++++ INPUT DATA

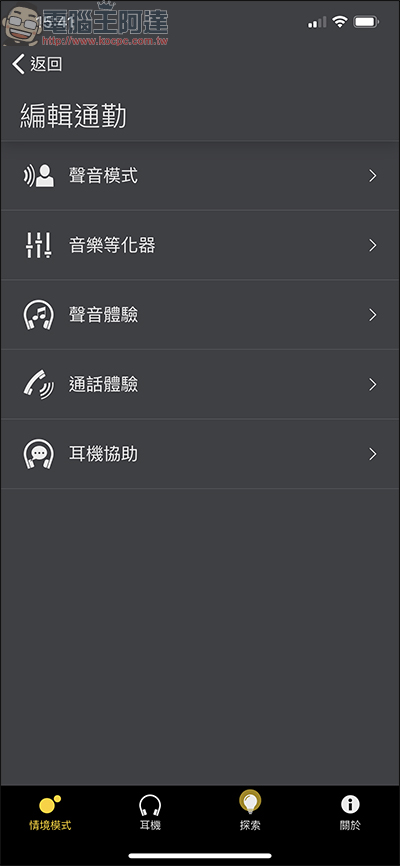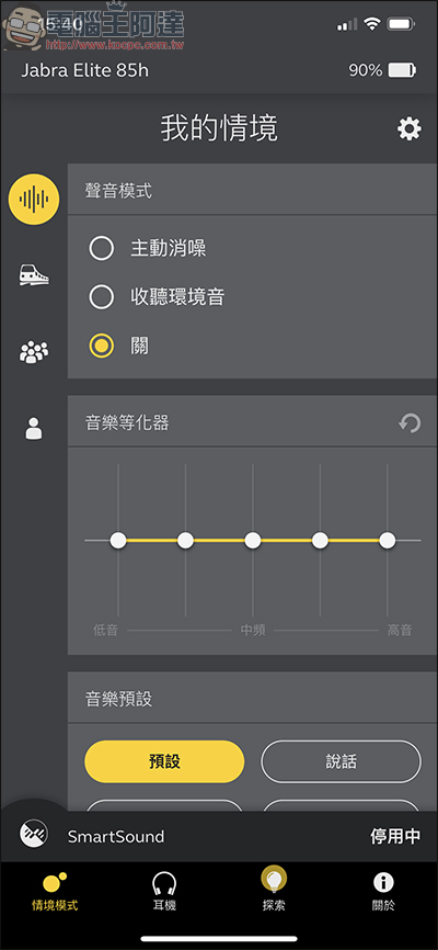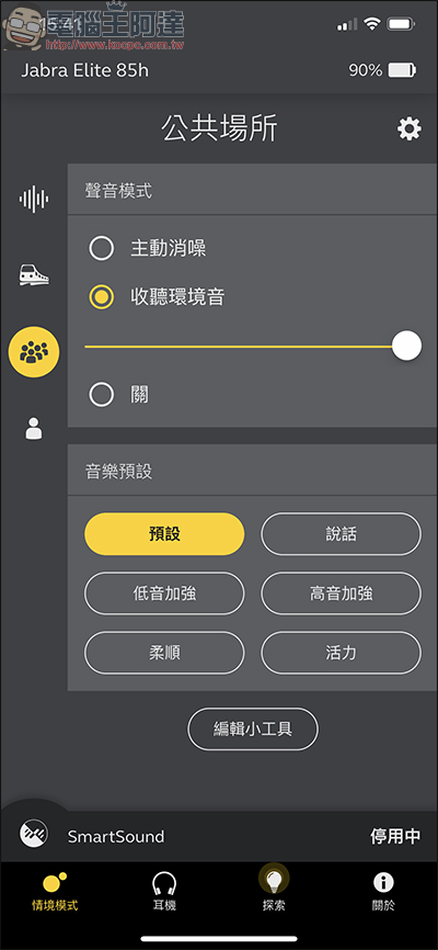 情境模式的部分,預設已有四種模式,分別是我的情境、通勤、公共場所、私人場所,可以自行調整聲音模式,或是透過音樂等化器調整喜好的低音、中頻、高音 :
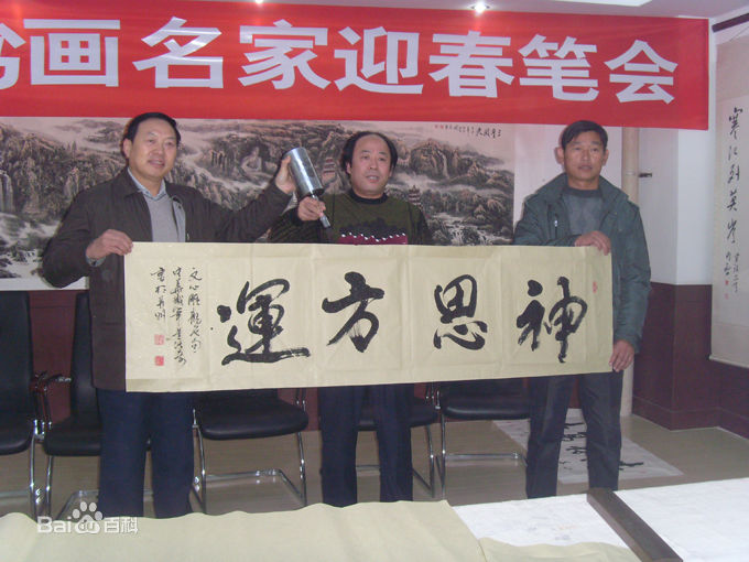 三、运笔。扎稳脚跟,上身前倾,按照脑中计划的章法落笔写字,同时将手臂气力运足,充分发挥灵感,将点按、拉提、扭转、皴甩等技法自如运用,气势若龙飞,形状如凤舞,努力做到举重如轻,进图无我境界,让空灵的感觉创作出精美的作品。整个过程中,运笔如飞、一气呵成。收笔以后,吐出含在胸中之气,再深呼吸,慢慢呼出,去掉铁饼,舒展双臂,收回丹田,卸去气力,平稳气息。最后再去提款、加章。一幅作品成功,一段锻炼的过程也就完成了。
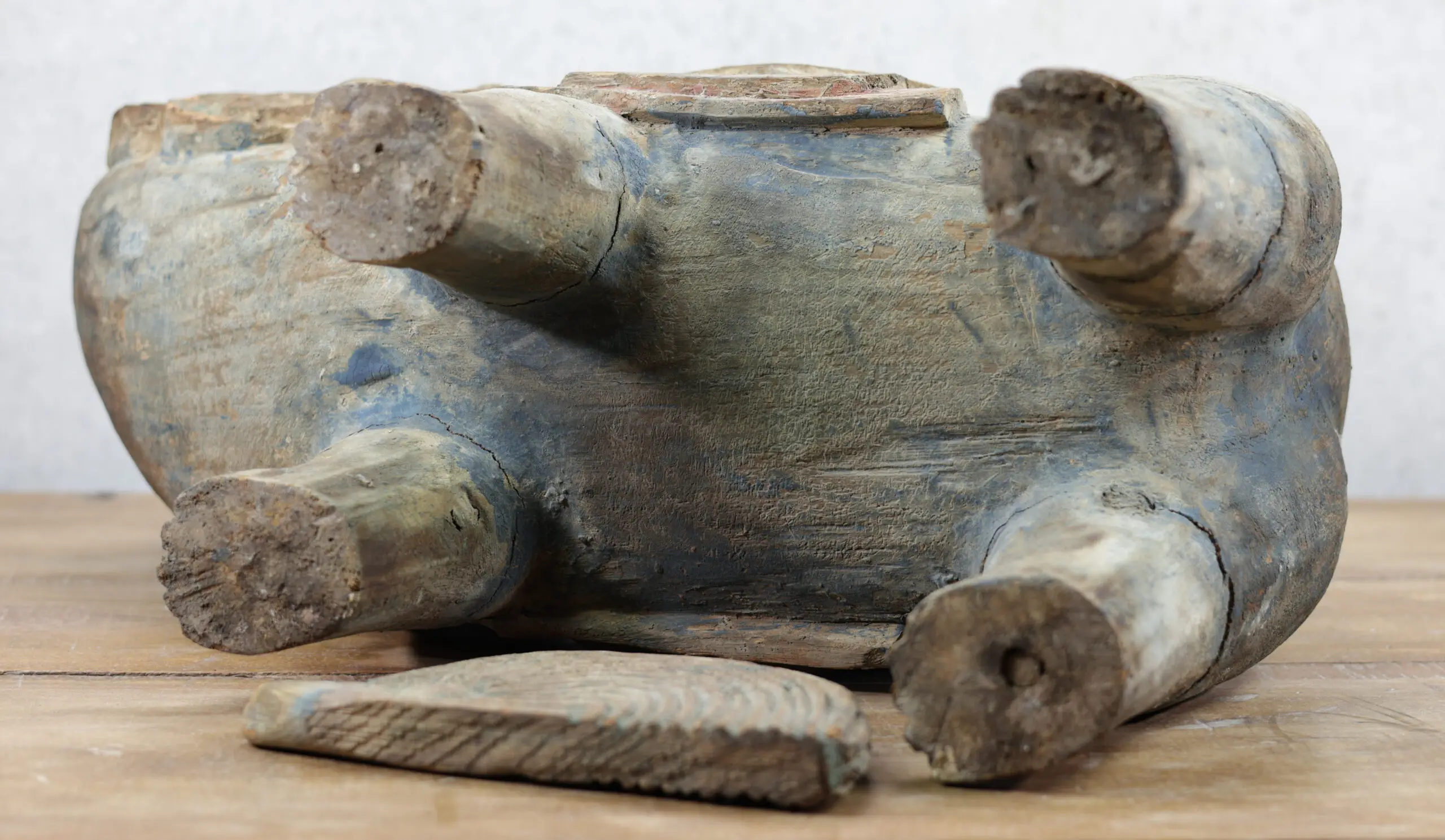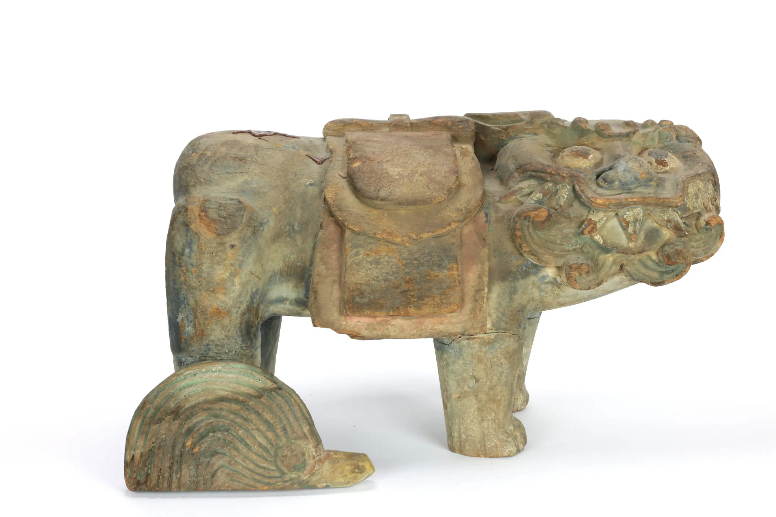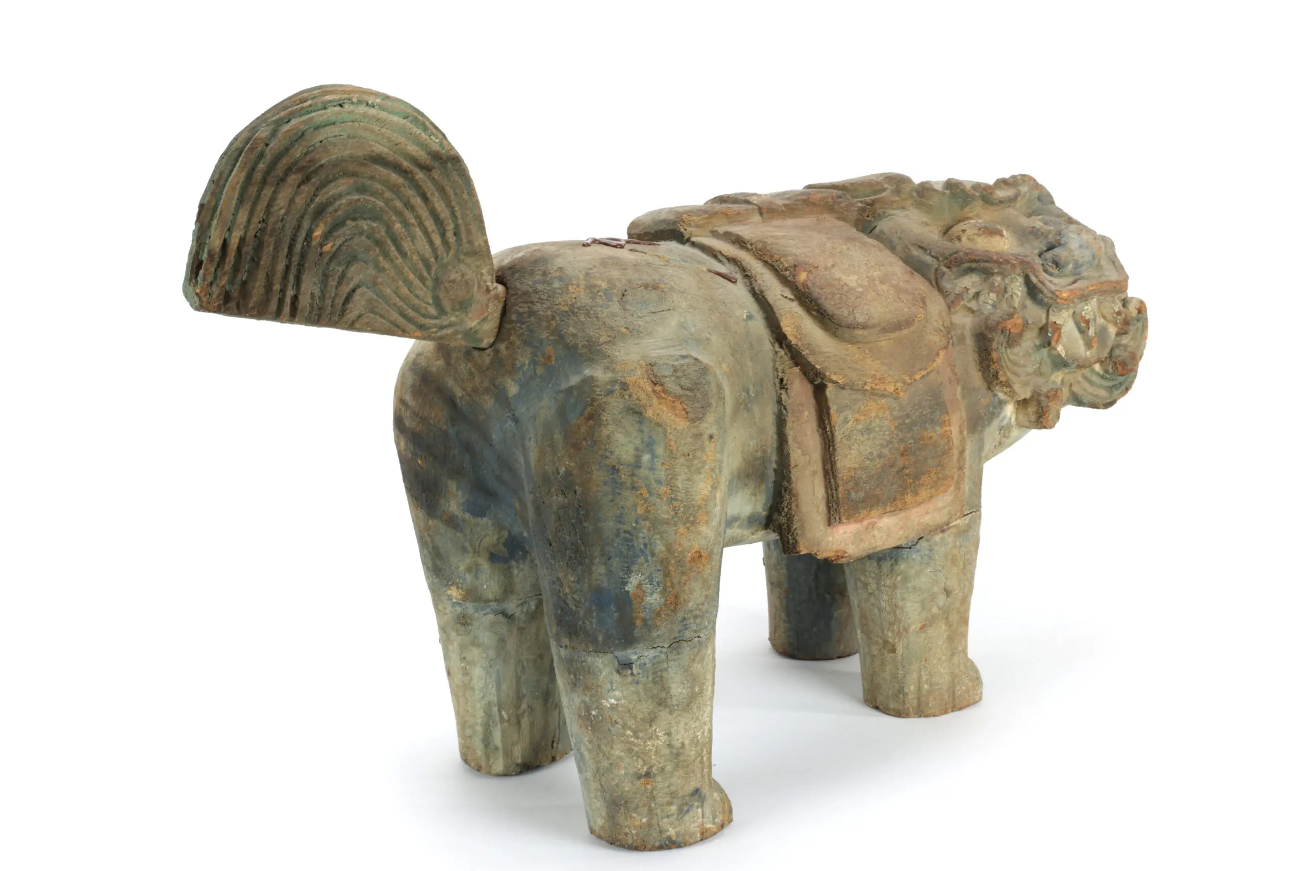 Deze wachters van geluk en bescherming zijn uit hout gesneden en tonen nog duidelijke sporen van rode, blauwe en goudkleurige verf — resten van hun oorspronkelijke tempelpolychromie. De brede koppen met krullende manen, expressieve snorpartijen en de zadelvormige panelen langs de flanken geven de beelden een monumentale présence. Hun staarten zijn origineel los inzetbaar – een kenmerkend constructiedetail bij dit type tempelbeeldhouwwerk. Mooie, doorleefde patina met natuurlijke droogtescheurtjes passend bij de 18e–19e eeuw.

++++++++

**PROBLEM TO WORK ON:** Give the data again exactly, without pictures.

**OUTPUT OF THE TASK:**
 情境模式的部分,預設已有四種模式,分別是我的情境、通勤、公共場所、私人場所,可以自行調整聲音模式,或是透過音樂等化器調整喜好的低音、中頻、高音 :
 三、运笔。扎稳脚跟,上身前倾,按照脑中计划的章法落笔写字,同时将手臂气力运足,充分发挥灵感,将点按、拉提、扭转、皴甩等技法自如运用,气势若龙飞,形状如凤舞,努力做到举重如轻,进图无我境界,让空灵的感觉创作出精美的作品。整个过程中,运笔如飞、一气呵成。收笔以后,吐出含在胸中之气,再深呼吸,慢慢呼出,去掉铁饼,舒展双臂,收回丹田,卸去气力,平稳气息。最后再去提款、加章。一幅作品成功,一段锻炼的过程也就完成了。
 Deze wachters van geluk en bescherming zijn uit hout gesneden en tonen nog duidelijke sporen van rode, blauwe en goudkleurige verf — resten van hun oorspronkelijke tempelpolychromie. De brede koppen met krullende manen, expressieve snorpartijen en de zadelvormige panelen langs de flanken geven de beelden een monumentale présence. Hun staarten zijn origineel los inzetbaar – een kenmerkend constructiedetail bij dit type tempelbeeldhouwwerk. Mooie, doorleefde patina met natuurlijke droogtescheurtjes passend bij de 18e–19e eeuw.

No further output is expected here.